I then went to Dr. Green's door, and did my errand there. "Have you been for Dr. Cummings?" was his first question.

"Yes," said I, "and he sent me to you."

"He's a shirk," said the young doctor, "but I'll go."

He came out directly, saddled his own horse and set off with me, asking no questions about the road. It still rained, and the wind was in our faces. I led the way. The doctor followed. He kept up pretty well. He had on a suit of yellow oil-skin, and I could see that some ways back.
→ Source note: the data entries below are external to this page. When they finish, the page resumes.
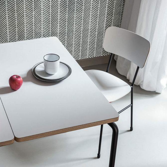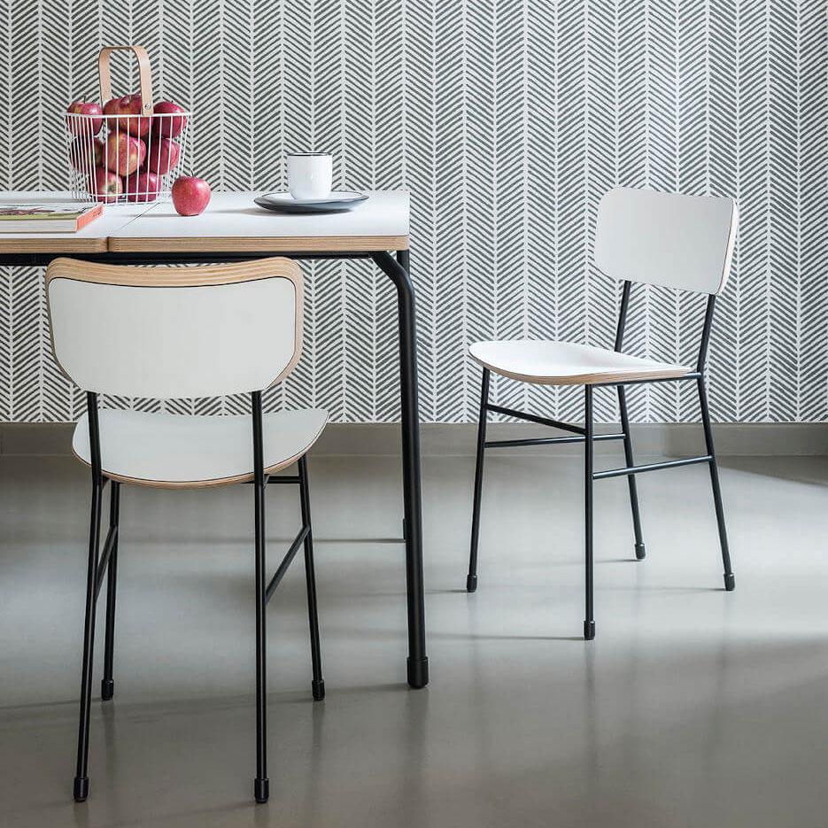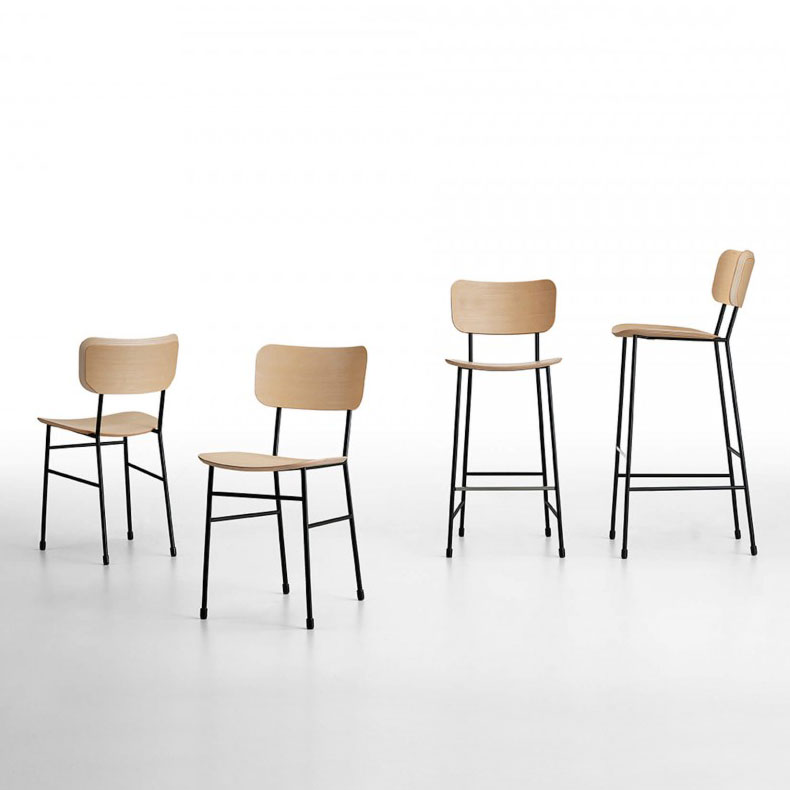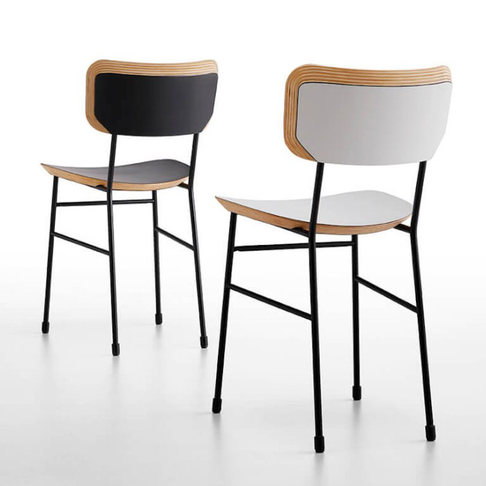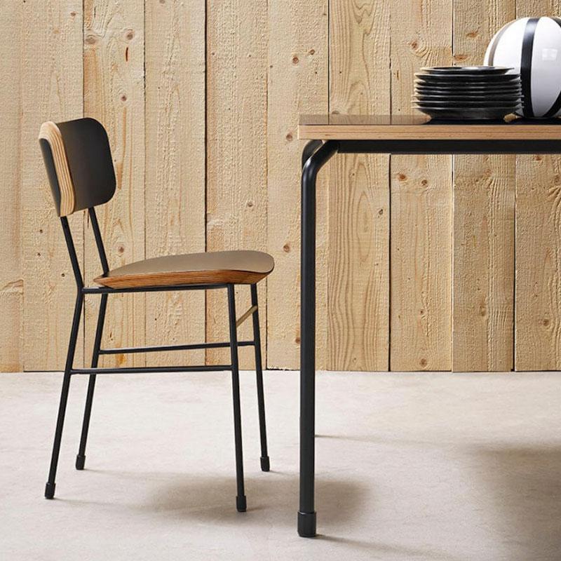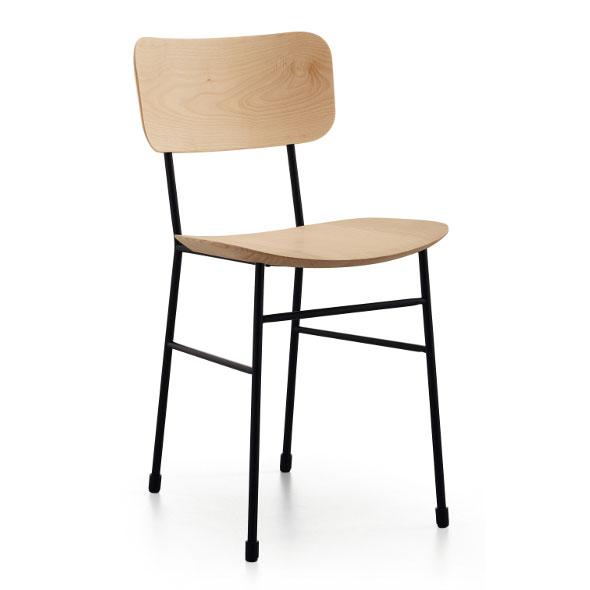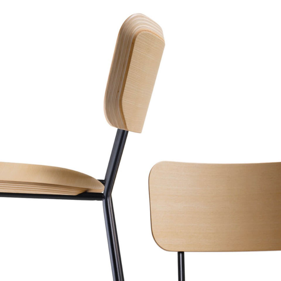Master chair with four leg base in laquered metal and wooden seat and backrest.
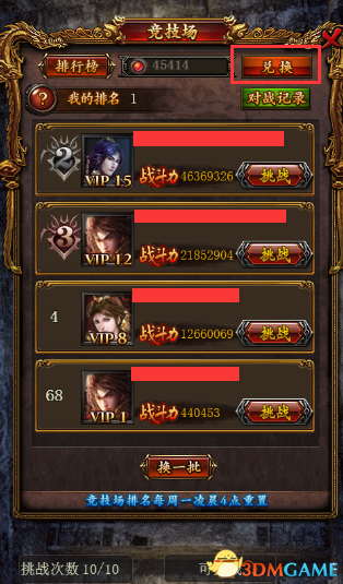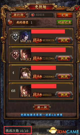 1、每天有10次免费PK机会,可花费元宝购买额外的次数;
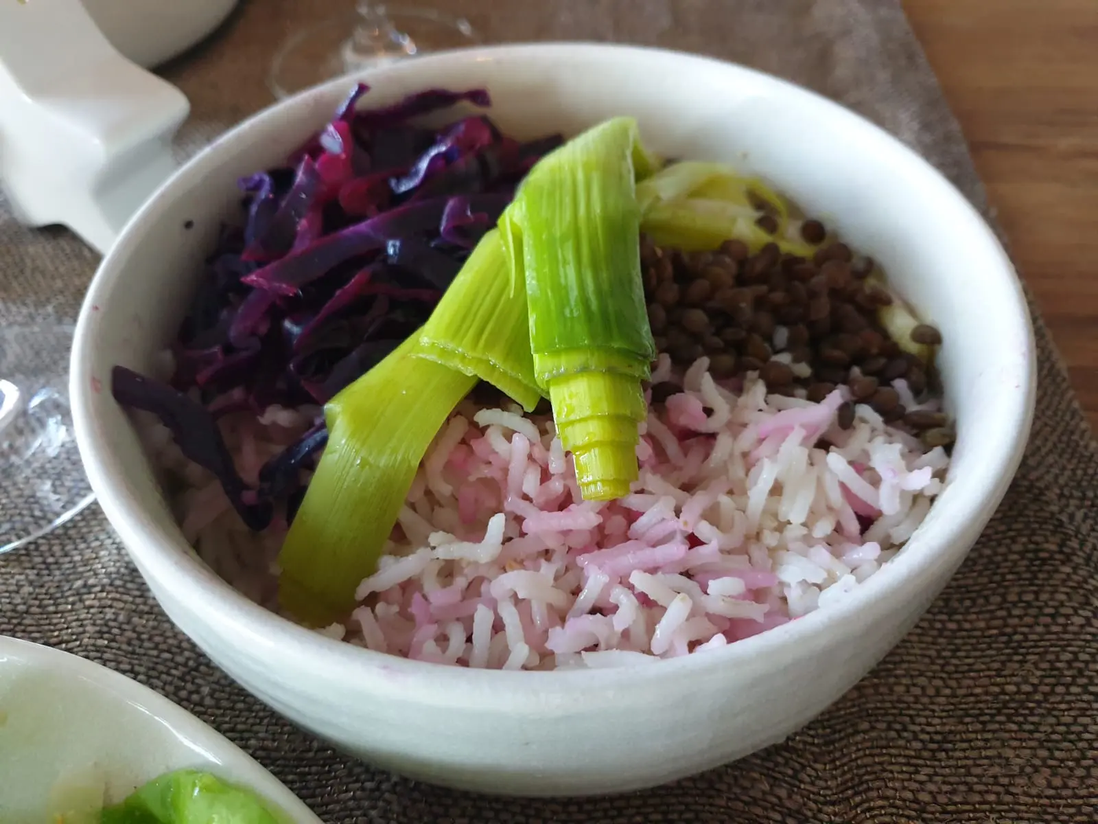 Pour obtenir ce riz rose : versez un jus de citron sur le chou rouge : sa couleur va éclaircir. Les aliments de couleur clair qui sont à son contact deviendront rose.
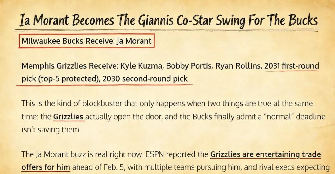 美媒《Fadeaway World》撰文建议,雄鹿应该考虑打包送出库兹马、波蒂斯、罗林斯以及2031年的首轮签(前5保护)、2030年的次轮签,从灰熊引入莫兰特。
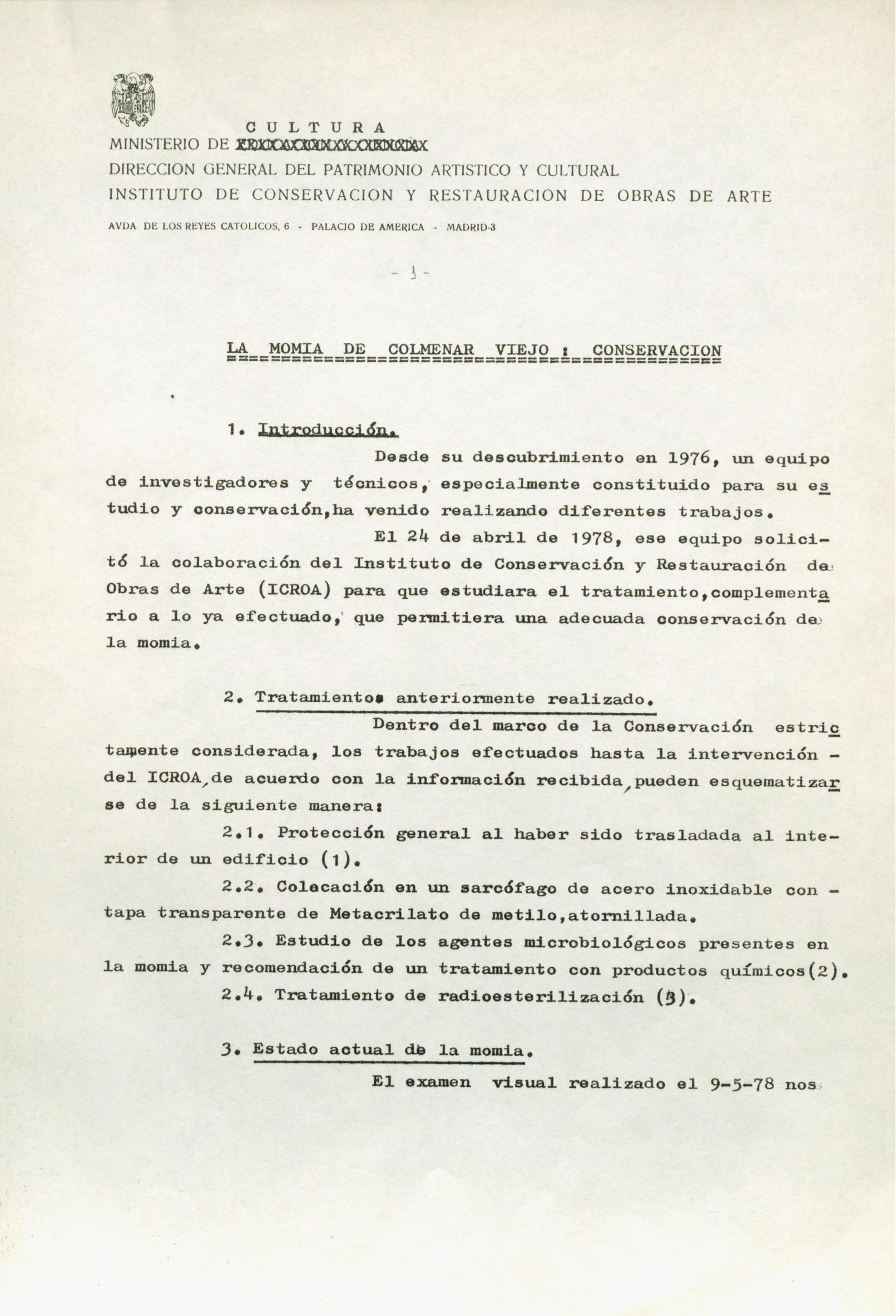 Informe de conservación de una momia del siglo XVI procedente de la Iglesia parroquial de Colmenar Viejo (Madrid)
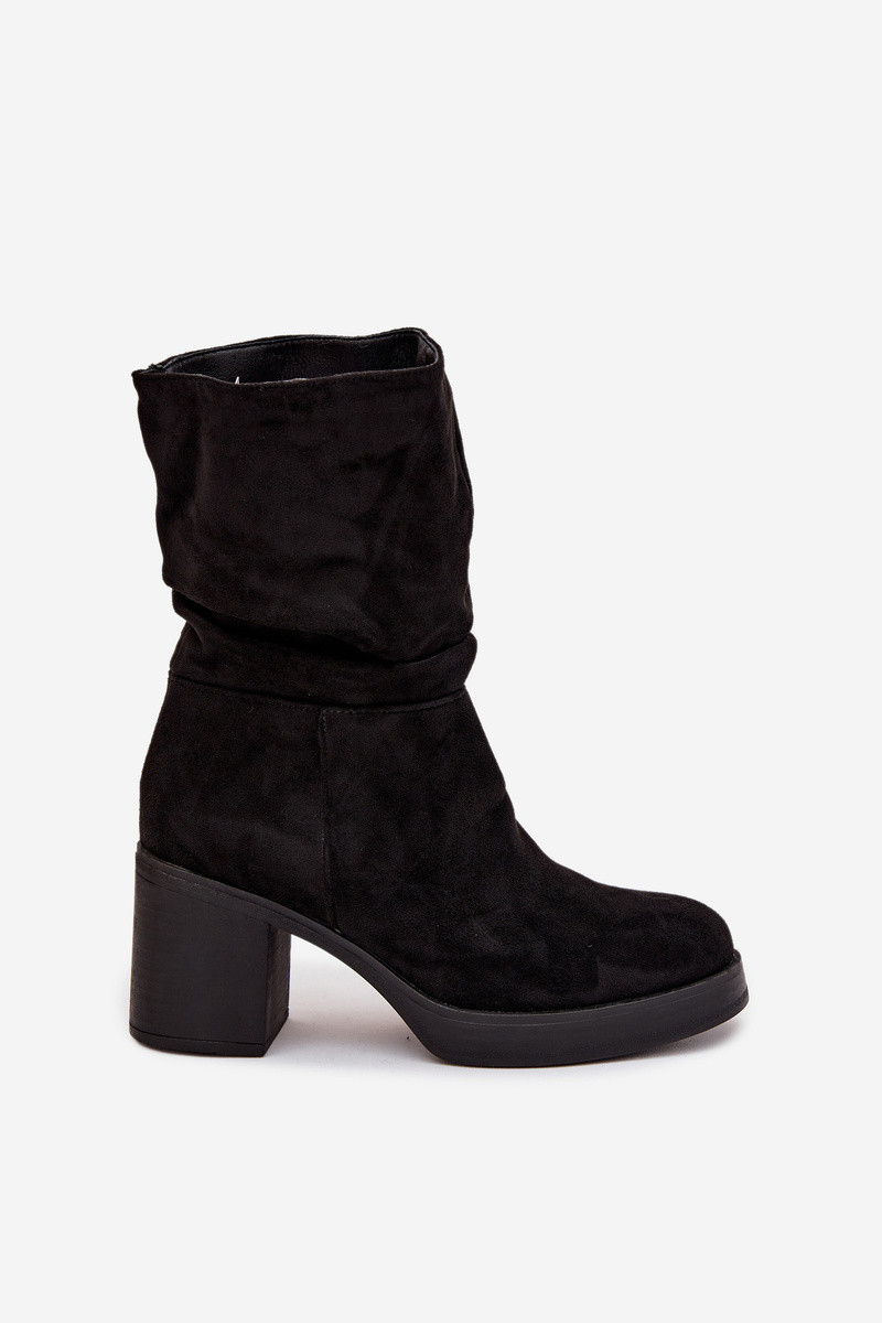 Dámske čižmy s volánmi a podpätkami, zateplené, čierne „Amoria"
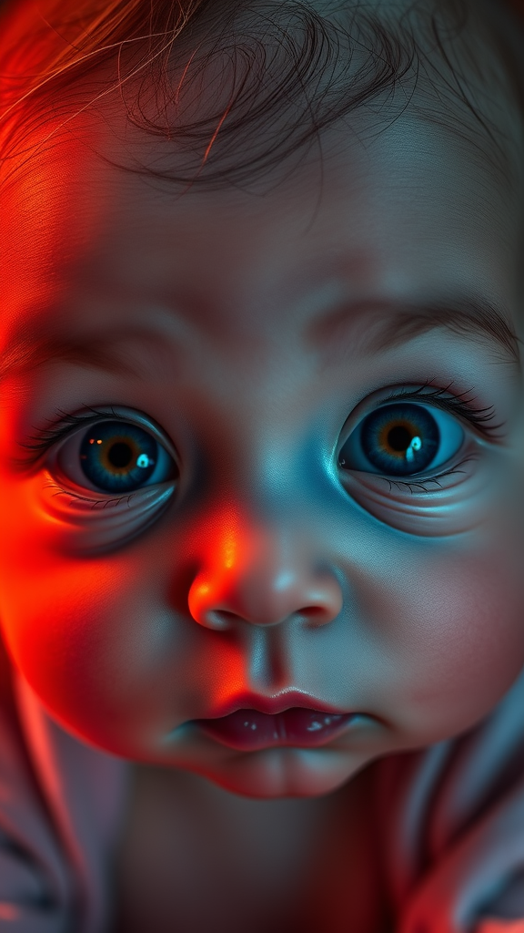 Baby, adorable, detailed digital portrait, vibrant and high-definition, capturing dynamic lighting and intricate features. The image highlights the baby's huge, expressive eyes, drawing inspiration from a colorful, weirdcore aesthetic. The picture employs ultra-high-definition techniques such as UHD, HDR10, and 16K, ensuring a crisp and vivid portrayal. It conveys a sense of wonder mixed with an element of the surreal, blending a touch of LED-inspired brightness with an undercurrent of subtle horror, creating a fascinating and unusual visual experience.
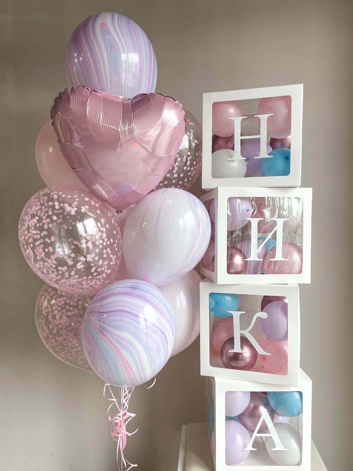 Фонтан из 10 шаров (3 агата, 3 с конфетти, 3 розовый макарунс, сердце)
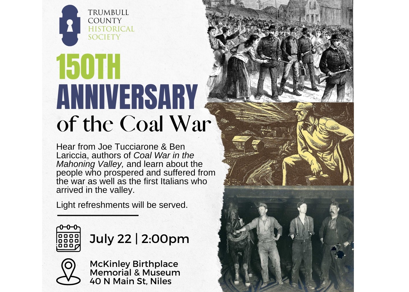 Saturday July 22. 2:00 pm - 3:30 pm. McKinley Memorial Museum - 40 N Main St, Niles, OH. Event is FREE and open to the public! Join us in a showing of a short documentary outlining the history of the 1873 Coal War that saw 7,500 miners in Hubbard and Liberty Townships strike and brought the first Italian immigrants to the area.
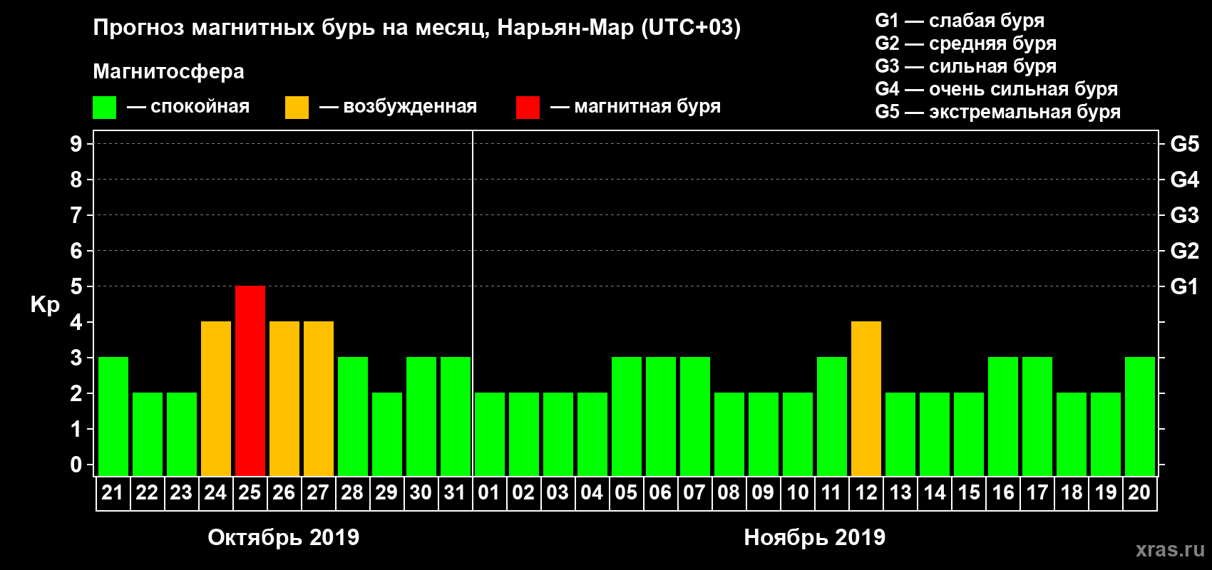 Прогноз магнитных бурь в Нарьян-Маре на 21 октября 2019 года
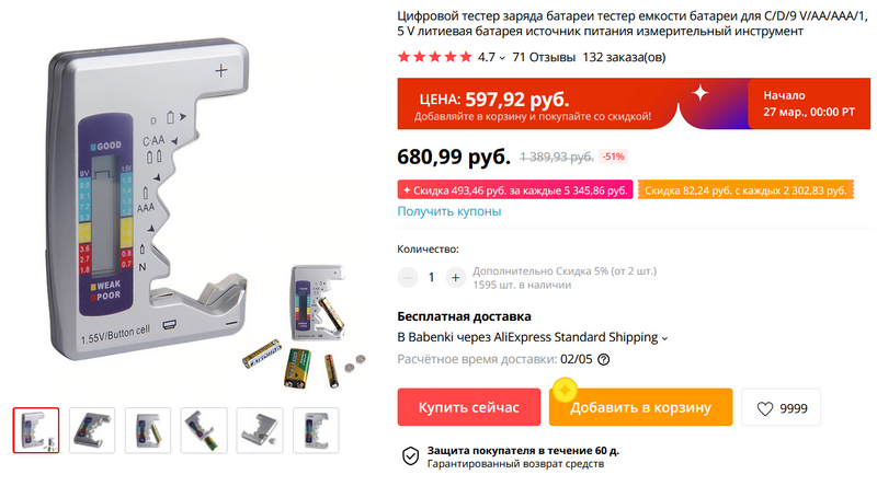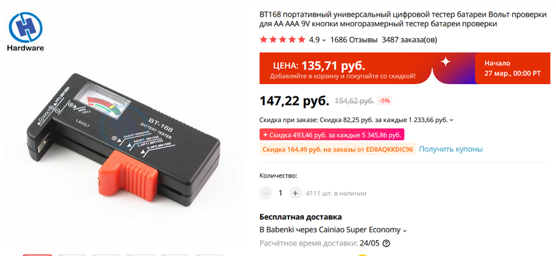 Upd: Однако замечу, что Алексей Надежин рекомендует другой тестер - BT-168. У него есть нагрузка и он более точный.
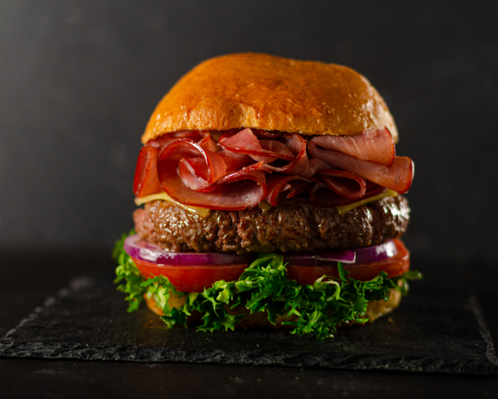 A juicy, grilled beef patty served on a soft toasted bun with crisp lettuce, ripe tomatoes, and a tangy sauce. This classic burger is an all-time favorite that satisfies cravings with each hearty bite.

When we got to the hill near the meadow, I pulled up and told him about the bridge. "You can try it," said I, "if you want to, but I am going to wait till it gets light before I try it again."

"You are a pretty fellow," said he. "Why didn't you tell me of that before?"

"I was afraid you might not come," said I, "and it was my business to get a doctor."

"Go ahead, then," said he, grittily. "Let's try it."

"No, thank you," said I. "Once in that brook is enough for me, in one night."

"Well, then," said he, "do you know any other bridge or ford?"

I knew of a bridge two miles above. The road was like porridge, but we reached it, tried it carefully, and at length got across without swimming. The remainder of the way was comparatively uneventful; and we reached the Sylvesters' just as day began to dawn. Four old ladies were there, including Gram. They greeted the doctor with great glee. He was late--but all was well.

Nevertheless, that was a good trip for young Dr. Green. The folks thereabouts said that he must be a staunch young fellow to turn out on such a night. I always felt that they might have added a word for me, too.

The doctor told me a while ago that that ride was worth a thousand dollars to him.

"Well, then, doctor, suppose we divide that thousand," I said.

"Why?" said he. "What for?"

"Well, I went after you that night, and piloted you up there," said I.

"That's true," said he, "but you must collect your fee of the patients, as I do."

"Little there's left for me when you are done with them," said I.

I found my cap and comforters about a fortnight after that, in the top of some choke-cherry bushes below the bridge.